К двадцати девяти годам Андреас Эггер скопил достаточно денег, чтобы арендовать клочок земли да овин для сена в придачу. Граница участка пролегала как раз у края леса, на высоте около пятисот метров над деревней, а добраться до него можно было только по узкой тропе, ведущей к Пастушьей вершине. Участок не представлял ценности, так как лежал на крутом склоне, земля там не отличалась плодородием, кругом валялись бесчисленные валуны, а размером он не превышал выпас для кур на заднем дворе Кранцштокера. Зато в скалах поблизости бил родник с чистой ледяной водой, а солнце у горного хребта по утрам начинало светить на полчаса раньше, чем в деревне, высушивая росу на траве под ногами Эггера. Срубив на окраине леса два дерева, Эггер обработал их прямо на месте и перетащил распиленные балки к своему овину, чтобы подпереть покосившиеся стены. Для укрепления фундамента он вырыл траншею и заполнил ее валунами, которые нашел на участке. Но камней не стало меньше – казалось, из сухой земли каждую ночь вырастает несколько новых.
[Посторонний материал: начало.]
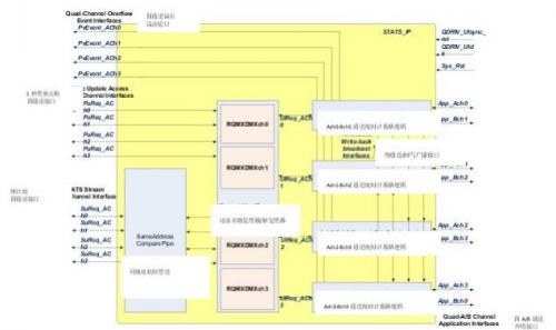 正如模塊圖所示,NPU通過4x25Gbps鏈路將統(tǒng)計和處理請求推送到IP中。IP的運行頻率為存儲器存取頻率的四分之一,并且使用四條被稱為“通道”的平行數(shù)據(jù)路徑以匹配存儲器帶寬。在存儲接口HP和XP運行模式中,端口A作為讀取端口,端口B作為寫入端口。每項統(tǒng)計請求對保存在與該請求相關(guān)的獨特存儲位置中的計數(shù)器數(shù)據(jù)進(jìn)行讀—修改—寫操作。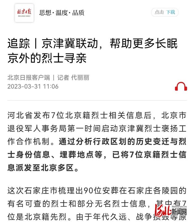纵览客户端发布的烈士寻亲名单中,有7位北京籍烈士的信息。北京日报客户端3月30日刊发了“一起为七位北京籍烈士寻亲”的报道后,北京市退役军人事务局第一时间启动京津冀烈士褒扬工作合作机制。通过分析行政区划的历史变迁与烈士身份信息、埋葬地点等,已将7位京籍烈士信息派发至北京多区。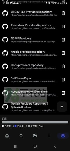 4.如果主要想看中文内容,可以再单独开一个叫“Horisprovidersrepository”的仓库。进去之后挑几个熟悉的中文站插件,比如Ddys、Libvio、Supervod,一个个点安装就行。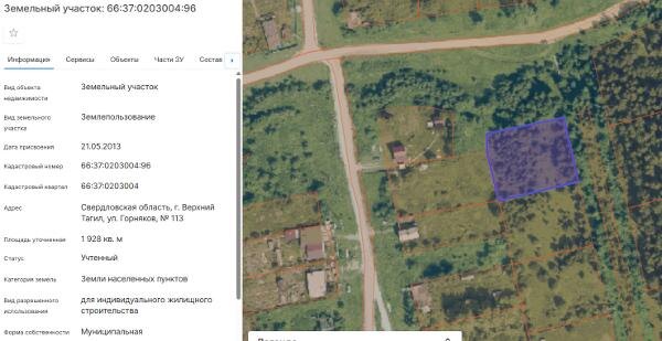 Название: Земельный участок с кадастровым номером 66:37:0203004:96, общей площадью 1928,00 кв.м., категория земель – земли населенных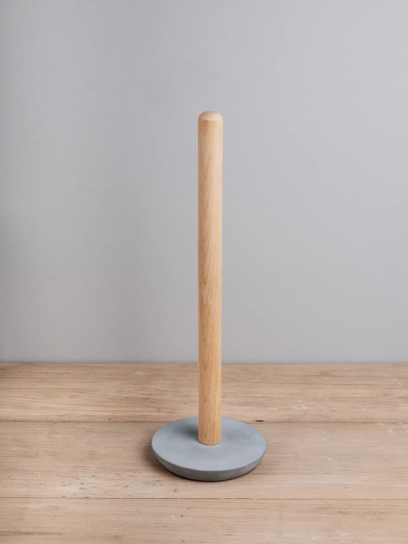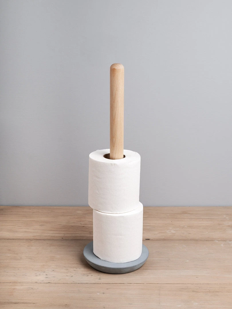 Modestly styled toilet roll holder, crafted from soft concrete and beechwood. Soft concrete is an innovative material made by including a small addition of polymers, and as a result the concrete becomes elastic and pliable. It contains no environmentally harmful substances. Moulded by hand in a small foundry outside of Stockholm, the soft concrete retains the characteristics of a resilient stone material, but with a smooth, pleasant feel to it. Varying smoothness and colour variations occur on the surface of this concrete, due to the irregularities of the crafting technique, which add to the vibrant and unique expression in each piece.
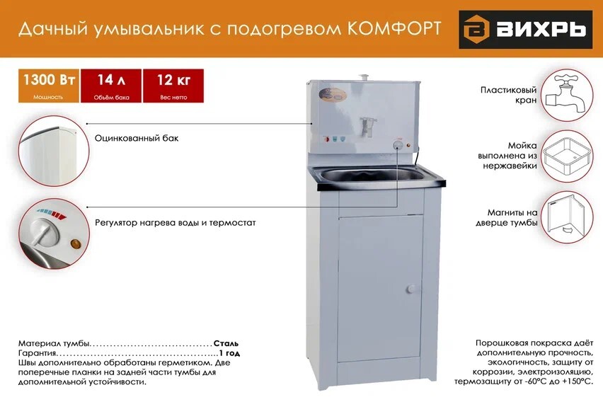 Умывальник дачный "Комфорт" ВИХРЬ с подогревом, нержавейка, белый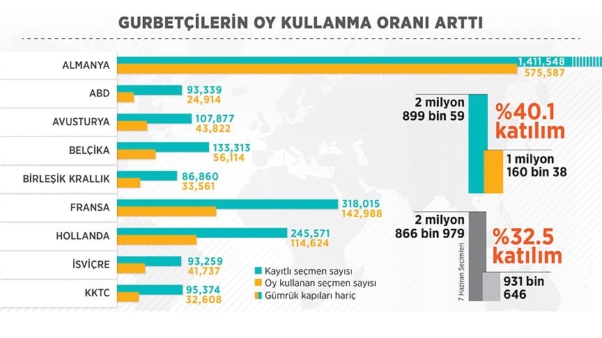 Böylece yurt dışı seçmen kütüğüne kayıtlı 2 milyon 899 bin 59 seçmenin 1 milyon 160 bin 38'i, dış temsilciliklerde oy kullandı.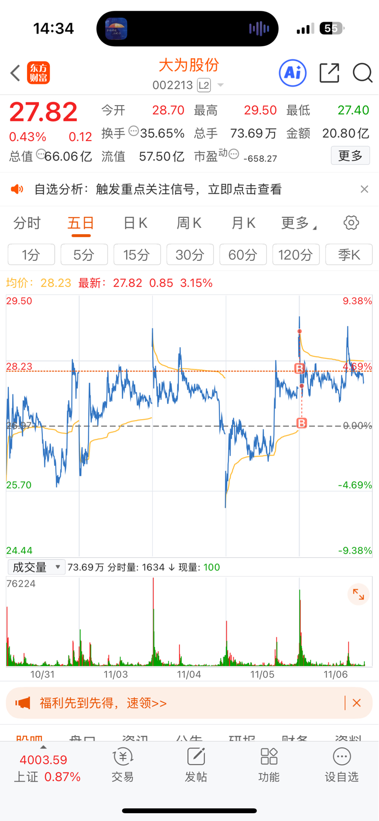 $大为股份(SZ002213)$ 低开高走,高开必低走。这股大跌再买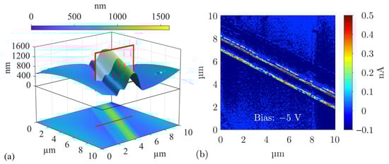 Using AFM, it is also possible to measure the piezoresponse of the sample, i.e., its ferro- and piezoelectric domain, specifically when using the PFM mode. In most cases, this is a very precise examination of only one fiber with a diameter of 100 nm to 3000 nm [,,,,], where the authors prove the properties of a particular sample (Figure 6) [,].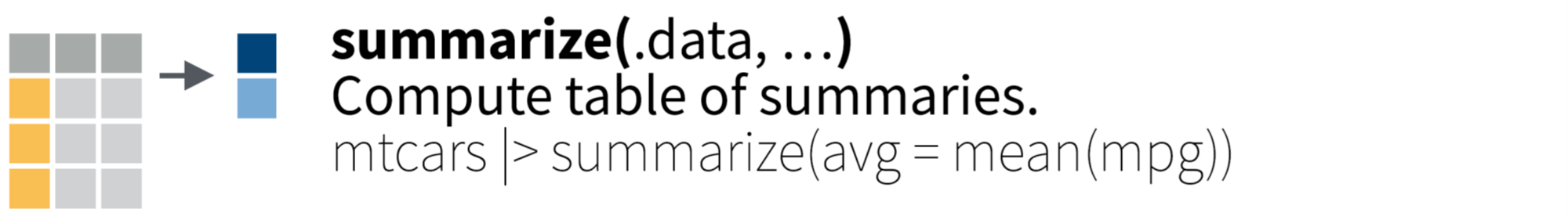 summarize(): 그룹별로 변수(들)의 요약 통계량을 산출하여 새로운 변수(들)로 저장

Собирая камни, он стал от скуки давать им имена. Имена закончились, и тогда Эггер стал давать камням прозвища. Однажды он понял, что знает слов меньше, чем на земле валяется камней, и начал сызнова. Ни в плуге, ни в скотине он не нуждался, ведь участок для полноценного хозяйства был слишком мал, а годился для крохотного огорода. Наконец, Эггер даже поставил низенький забор вокруг своего нового дома и сделал решетчатую калитку, исключительно ради того чтобы оградиться от случайного прохожего.
В общем и целом времена наступили хорошие: Эггер был всем доволен, он смог бы прожить так всю жизнь. Но потом случилась та история с пастухом. Согласно собственным представлениям о вине и справедливости, Эггер не считал себя причастным к исчезновению пастуха, и все же о произошедшем в тот снежный день он не рассказал никому. Ханнес-Рогач считался умершим, в чем Эггер ни на миг не сомневался, пусть тело его так и не нашли. Но позабыть истощенную фигуру, медленно растворяющуюся в тумане, Андреас Эггер не мог.
Впрочем, с того дня Эггер лелеял в глубине души нечто незабываемое: боль, которая возникла от прикосновения края блузки к его плечу, потом растеклась по всей руке, по всей груди и наконец засела в самом сердце. Боль невероятно пронзительная, глубже любой другой боли, испытанной Эггером за всю жизнь, глубже даже ударов лещиновым прутом.
Ее звали Мари. Самое прекрасное имя в мире. Она объявилась в долине месяца два назад, искала работу, обувь у нее прохудилась, а волосы покрывала пыль. Обстоятельства сложились удачно: несколько дней назад хозяин трактира выставил вон служанку из-за непредвиденной беременности.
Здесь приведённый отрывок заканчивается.